Keurig Dr Pepper safeguards coffee’s future by partnering to empower coffee growers
Friday was International Coffee Day, so did you raise a cup of joe to celebrate? Whether or not you realised it was a holiday, there’s a decent chance you started your day with a mug or two. The worldwide coffee business is booming, and it’s only going to get bigger. For the first time since 2017, worldwide coffee consumption is likely to exceed production this year, according to the United States Department of Agriculture. However, strong coffee demand, combined with economic issues, climate change, and now COVID-19, poses complicated challenges that endanger the health and vitality of the coffee supply chain, particularly for smallholder farmers, who are one of the chain’s most vulnerable parts.
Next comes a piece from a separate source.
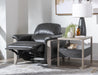 A 3-piece high-leg sofa group with a tastefully integrated pull-down console with drink holders/USB charging. These "transformers" are hidden and have the look of a luxury car feature. Also included is a wood console with swivel table and two 18 inch fabric accent pillows.
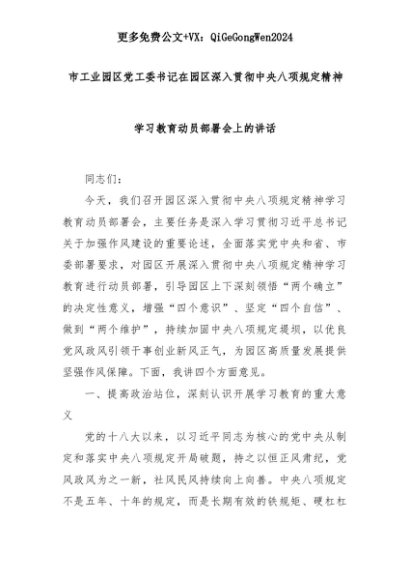 【七哥公文】2025年:市工业园区党工委书记在园区深入贯彻中央八项规定精神学习教育动员部署会上的讲话+更多免费公文+VX:QiGeGongWen2024+更多免费公文+VX:QiGeGongWen2024

Keurig Dr Pepper (KDP) is committed to addressing these difficulties front on in order to help ensure the future of this high-demand commodity. KDP is committed to ensuring the success of the people who make its goods, notably smallholder coffee growers and the co-ops that connect them to markets. KDP, on the other hand, cannot do it alone; its success is dependent on new partnerships.
Root Capital, a nonprofit that works with small and developing agricultural firms to revitalise rural communities, is one such collaboration that has lasted over 20 years. Root Capital provides loans to underbanked enterprises as well as financial management, climate resilience, digitisation, and other skills training to help them grow their businesses and better serve their farmer members. Through many initiatives, KDP collaborates with Root Capital to provide vital consulting services and catalytic finance to farmer-allied businesses in vulnerable communities around the world.
For example, in 2017, KDP collaborated with Root Capital and the United States Agency for International Development (USAID) to launch the Partnership for Sustainable Coffee (PSC), a three-year project that benefited 330,000 smallholder coffee farmers and their families in Colombia, Honduras, Indonesia, Peru, Rwanda, and Uganda. In 2020, KDP, Root Capital, USAID, and a new partner, the Ezrah Charitable Trust, expanded on the success of PSC to create the Partnership for Sustainable Supply Chains (PSSC), which will help agricultural firms affected by COVID-19.